I feel guilty that i haven't been able to join in...I am just too down and usually without energy
bobby

Mari 02-16-2009 10:28 PM

Dear Bobby,
It is nice to see your post. :)

I wish that we could go out and grab some energy from the energy machine and pass it around to all who could benefit from it.

Mari

mymorgy 02-16-2009 10:44 PM

I don't know how much this lack of energy is from pernicious anemia. Besides the shots I am also taking 4000 m a day but they aren't sublingual. I read in a research article it doesn't matter but who knows. I am also probably not getting more than two hours of sleep in a row. That isn't helping. I usually lurk. I too am worried about BJ. She has gone through so much.

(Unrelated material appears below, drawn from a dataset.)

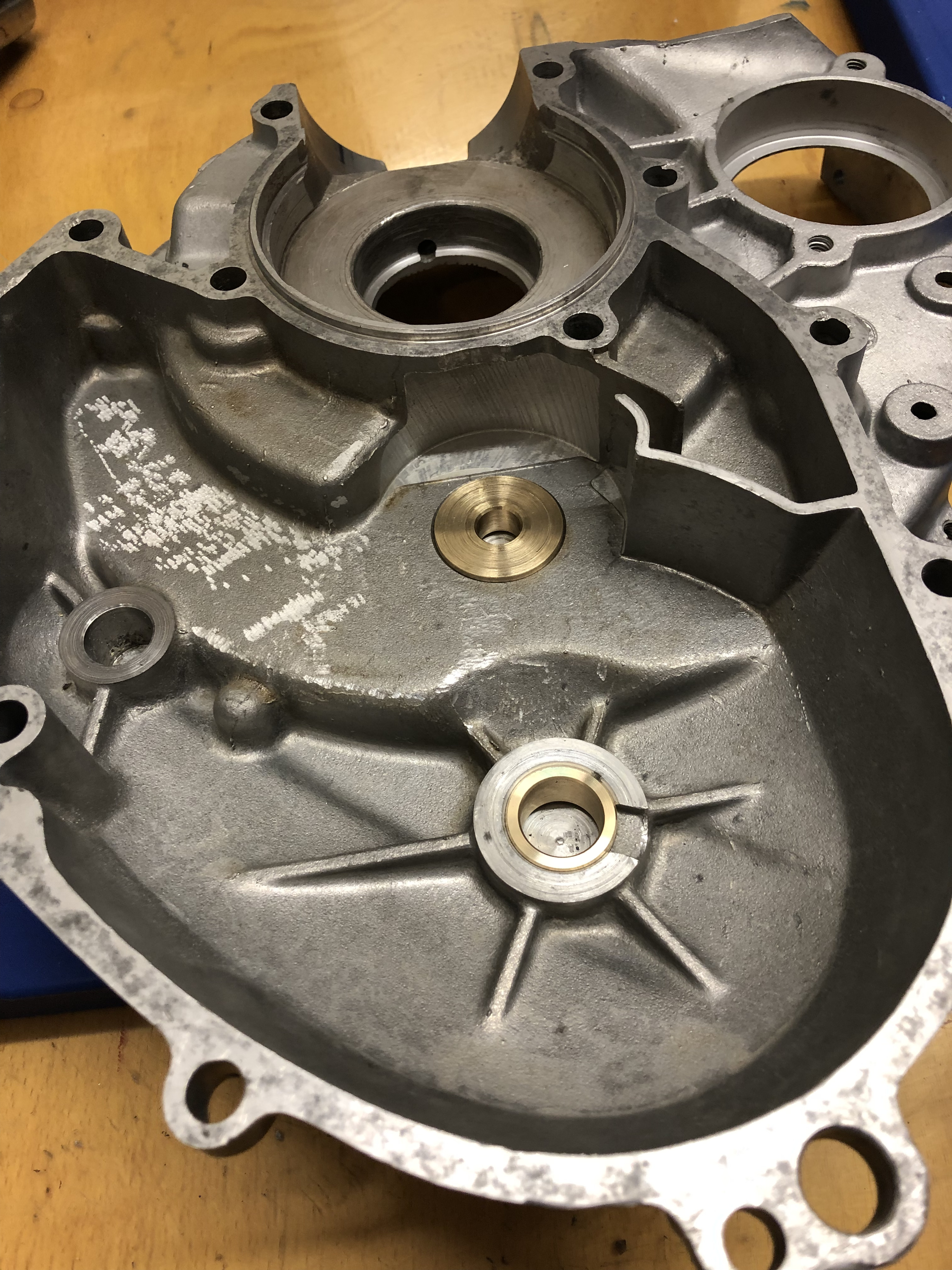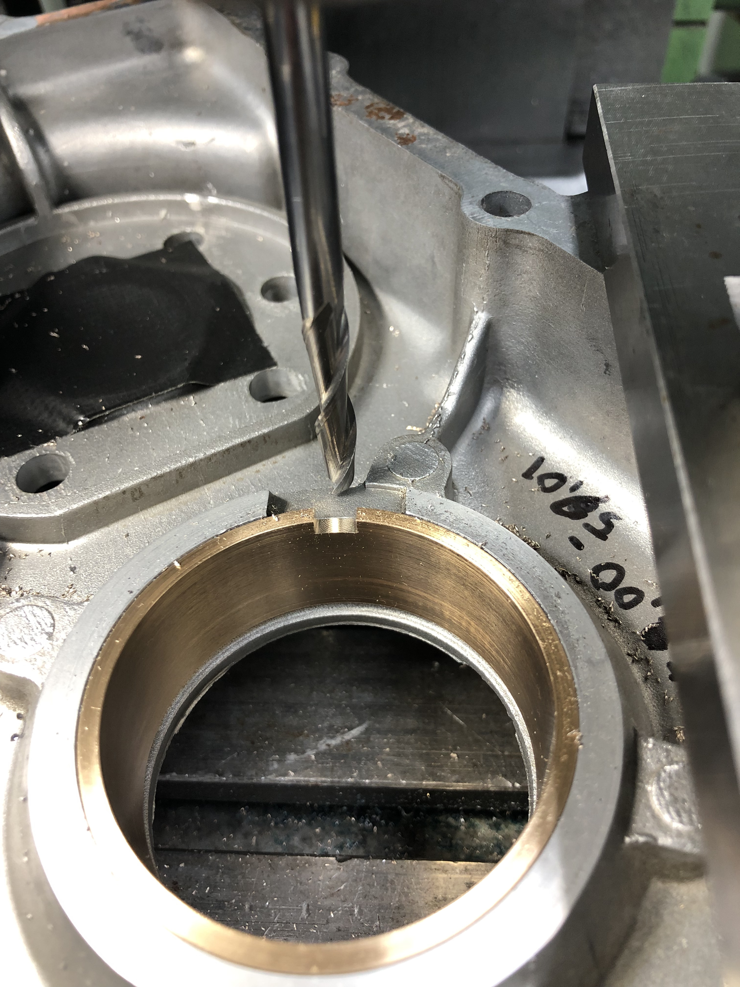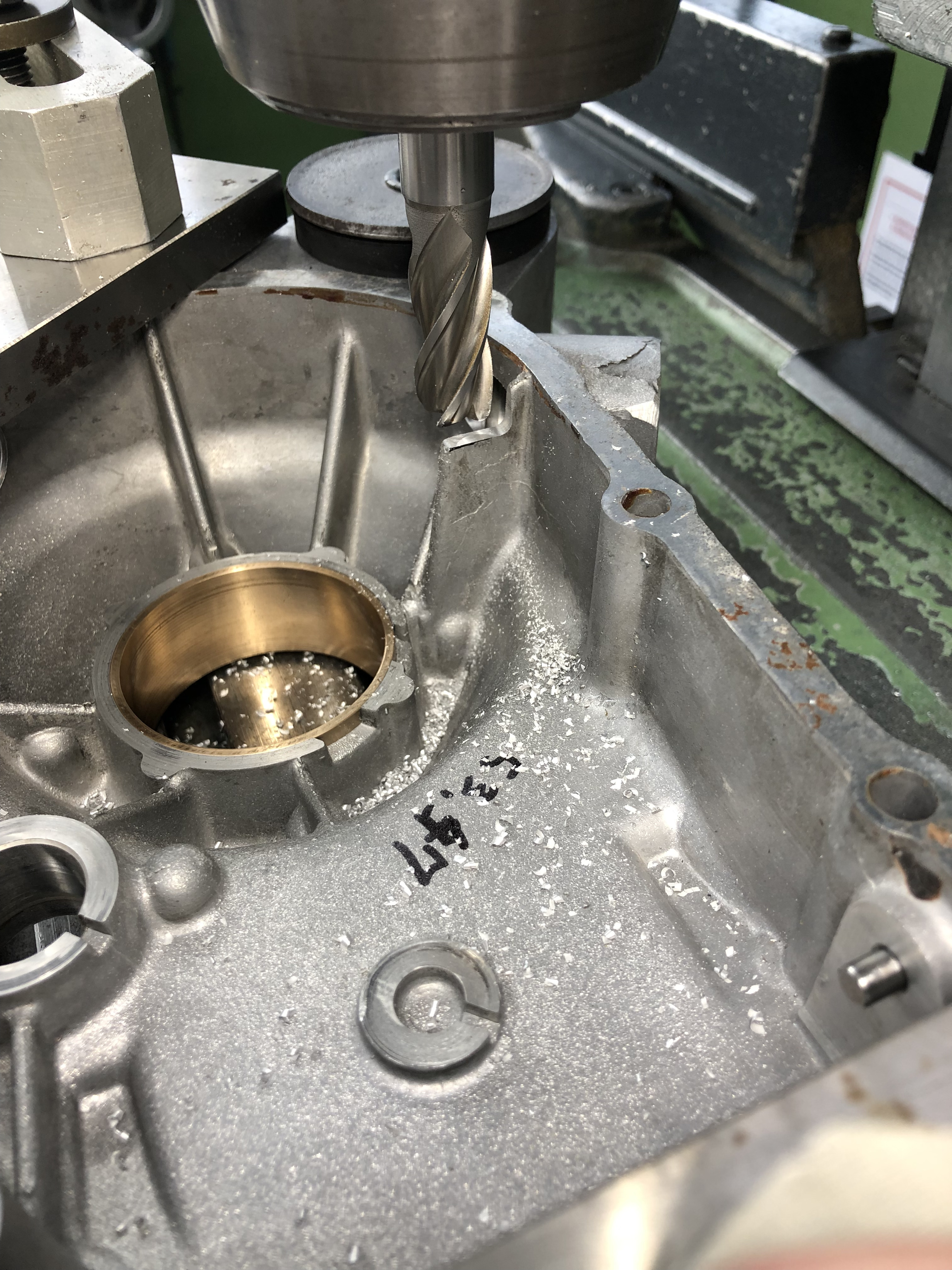 Die Lagerschale aus der Hälfte, die ab Werk eine hat, habe ich entfernt und die andere Hälfte habe ich mit dem Ausdrehkopf den Durchmesser für eine Bronzeschale mit 2 mm Wandung ausgespindelt.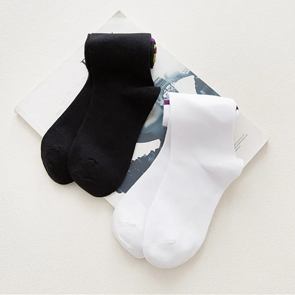 1 пара, Гольфы выше колена в радужную полоску для девочек, футбольные спортивные носки, черные, белые

I wish there were fairy wands which could heal us all! and we wouldn't have to do much work. lol I don't know about you but i feel once again that I am starting out from the beginning again.

bizi 02-16-2009 11:58 PM

thank you for posting, I was worried about you.
I started taking the sublingual b12, can't tell if it is helping or not do you know how long it is supposed to take for you to be feeling better. like right away after your b12 shots? did they give you some time line?
I really really wish I could send you some magic pixie dust to help you sleep...this is awful what does dr,M say?
(((((HUGS)))))
beth:hug:

mymorgy 02-17-2009 12:09 AM

Dr m. says nothing. he tried about four medications on me and they didn't work. I have given up about sleep. I wasn't given a time line. I will try to remember to ask her on Wednesday. I know I am also not getting enough sleep too. I am such a mess.I think i am getting angry over this whole situation. I don't feel I have a life.
Bobby

waves 02-17-2009 06:09 AM

oh thank goodness
 
I am relieved you are safe Bobby.

i had a dream about you that worried me after we lost touch.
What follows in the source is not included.